▶ _WHAT TO DO_
Write out the material below again, line for line, without any images.

▶ _INFORMATION SUPPLIED_
:::::

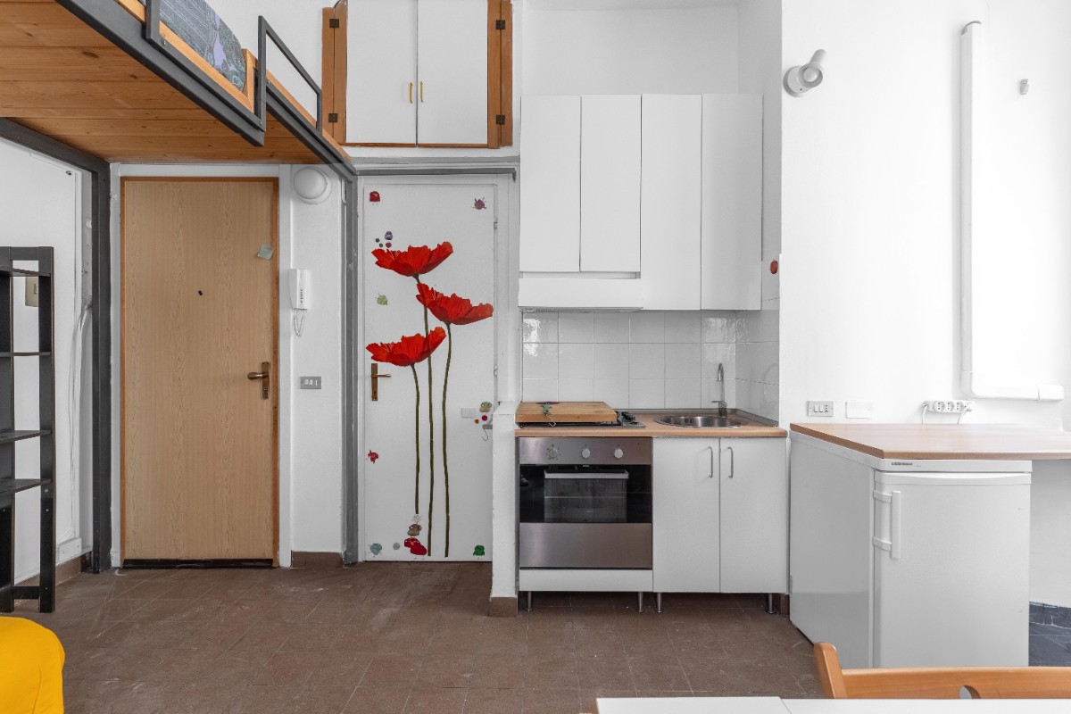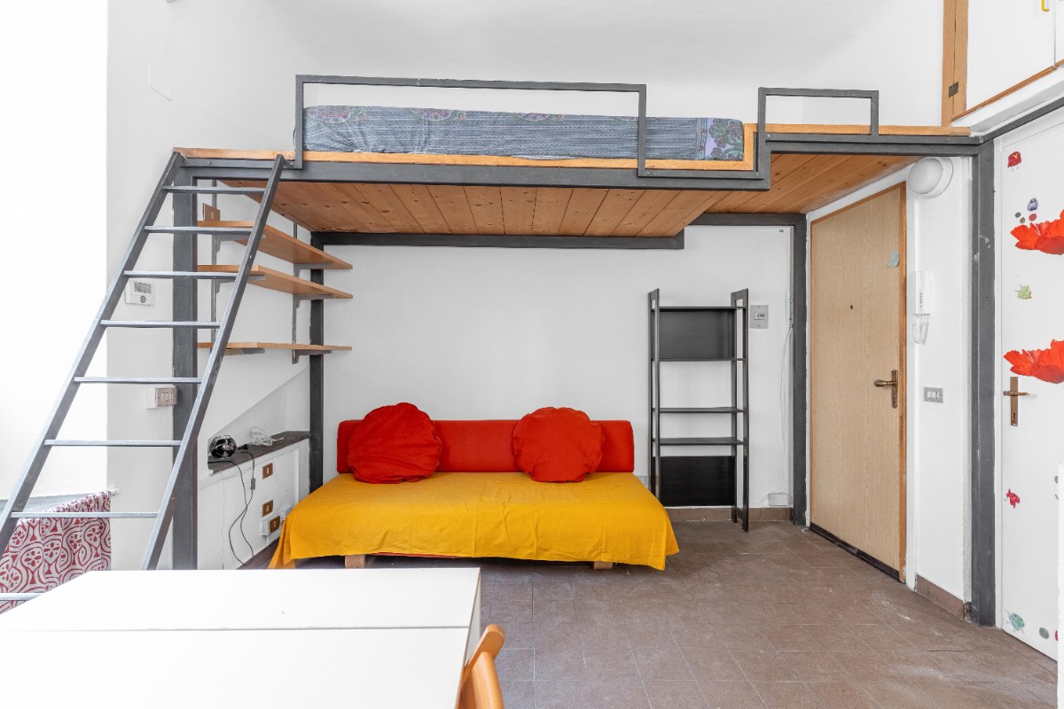 L’ambiente è organizzato in modo funzionale: la zona giorno con angolo cottura offre uno spazio pratico e luminoso, mentre il soppalco crea una zona notte raccolta e ben separata. Completa la proprietà un bagno con doccia.
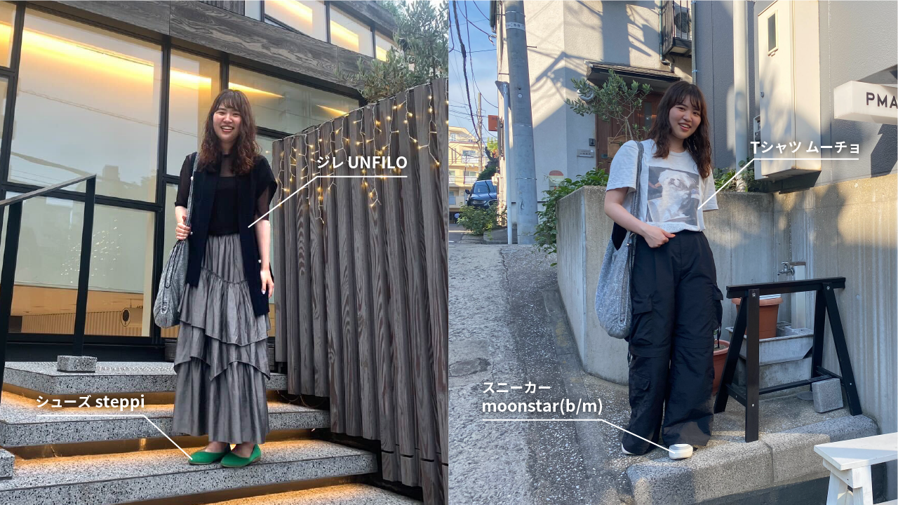 3人目は、2024年新卒のあつこ。いろんなテイストのコーディネートが好きで、毎日人が変わったよう。
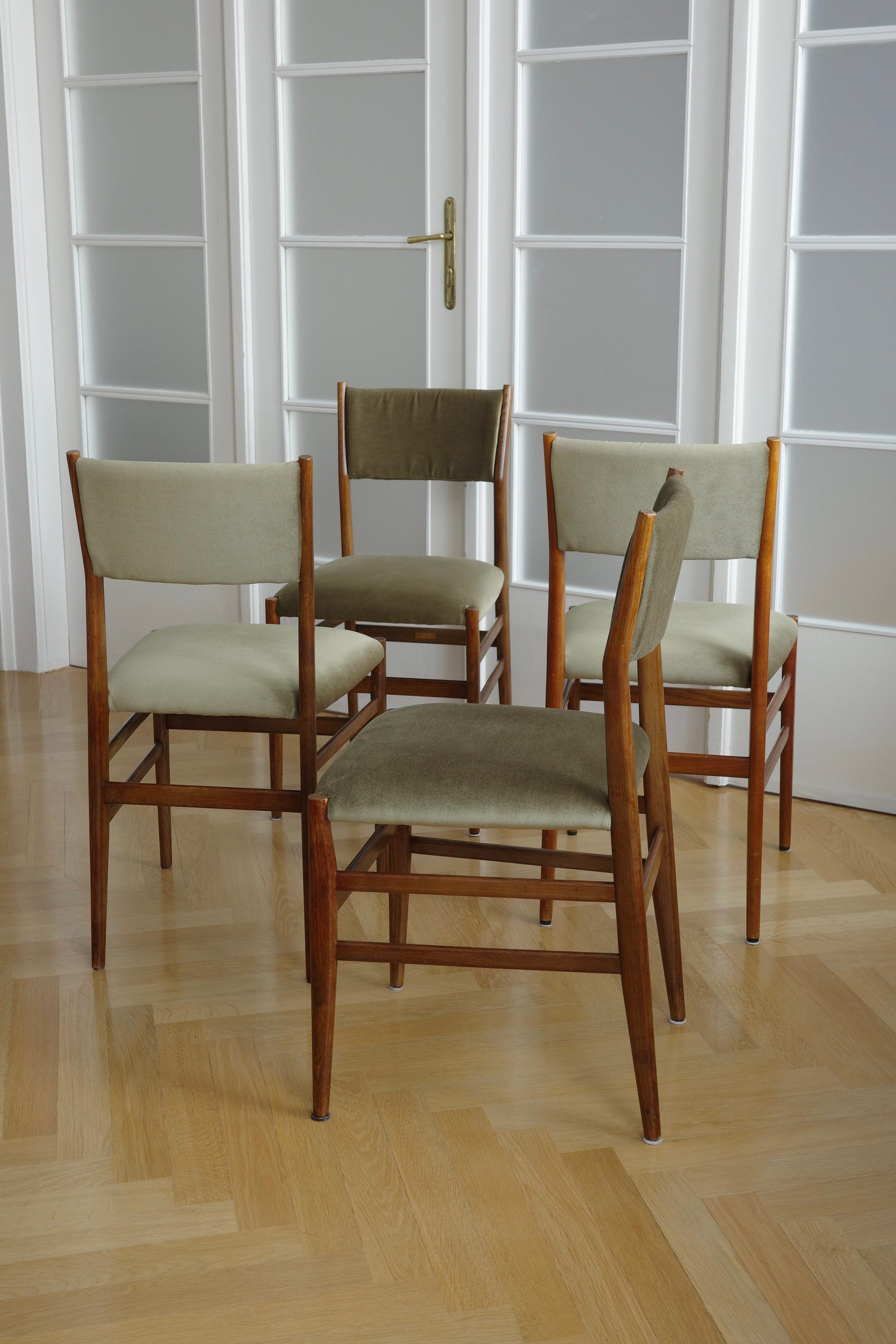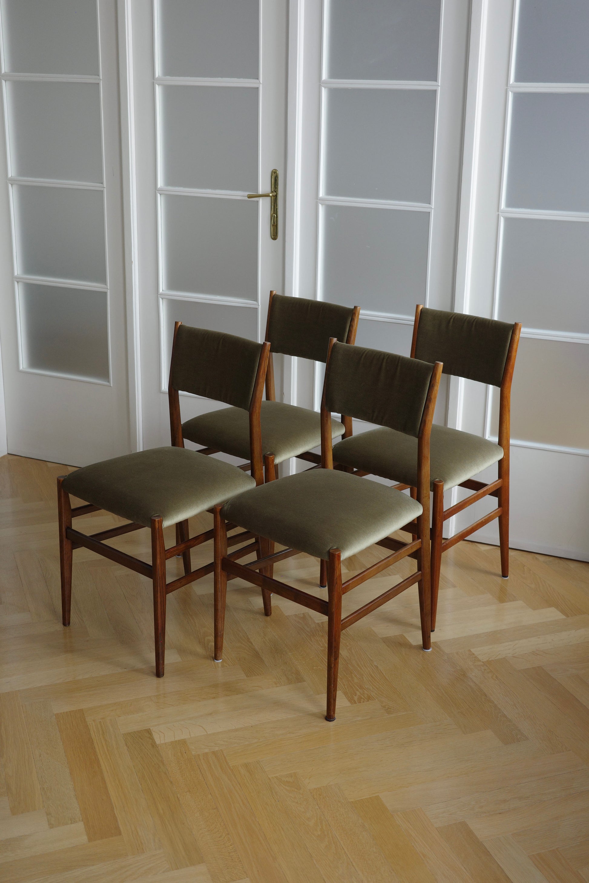 Sada čtyř ikonických židlí modelu LEGGERA, navržených legendárním designérem Giom Pontim a vyráběných renomovanou značkou Cassina od roku 1950. Židle vynikají svojí lehkou, ale pevnou konstrukcí z dubového dřeva, která odráží čistotu italského designu a řemesla. Na spodní straně se nacházejí původní štítky „Figli di Amedeo Cassina“, potvrzující autenticitu a původ těchto výjimečných kusů. Jedná se o vzácný sběratelský artefakt s nadčasovou elegancí.

:::::

▶ _RESPONSE BELOW_
 L’ambiente è organizzato in modo funzionale: la zona giorno con angolo cottura offre uno spazio pratico e luminoso, mentre il soppalco crea una zona notte raccolta e ben separata. Completa la proprietà un bagno con doccia.
 3人目は、2024年新卒のあつこ。いろんなテイストのコーディネートが好きで、毎日人が変わったよう。
 Sada čtyř ikonických židlí modelu LEGGERA, navržených legendárním designérem Giom Pontim a vyráběných renomovanou značkou Cassina od roku 1950. Židle vynikají svojí lehkou, ale pevnou konstrukcí z dubového dřeva, která odráží čistotu italského designu a řemesla. Na spodní straně se nacházejí původní štítky „Figli di Amedeo Cassina“, potvrzující autenticitu a původ těchto výjimečných kusů. Jedná se o vzácný sběratelský artefakt s nadčasovou elegancí.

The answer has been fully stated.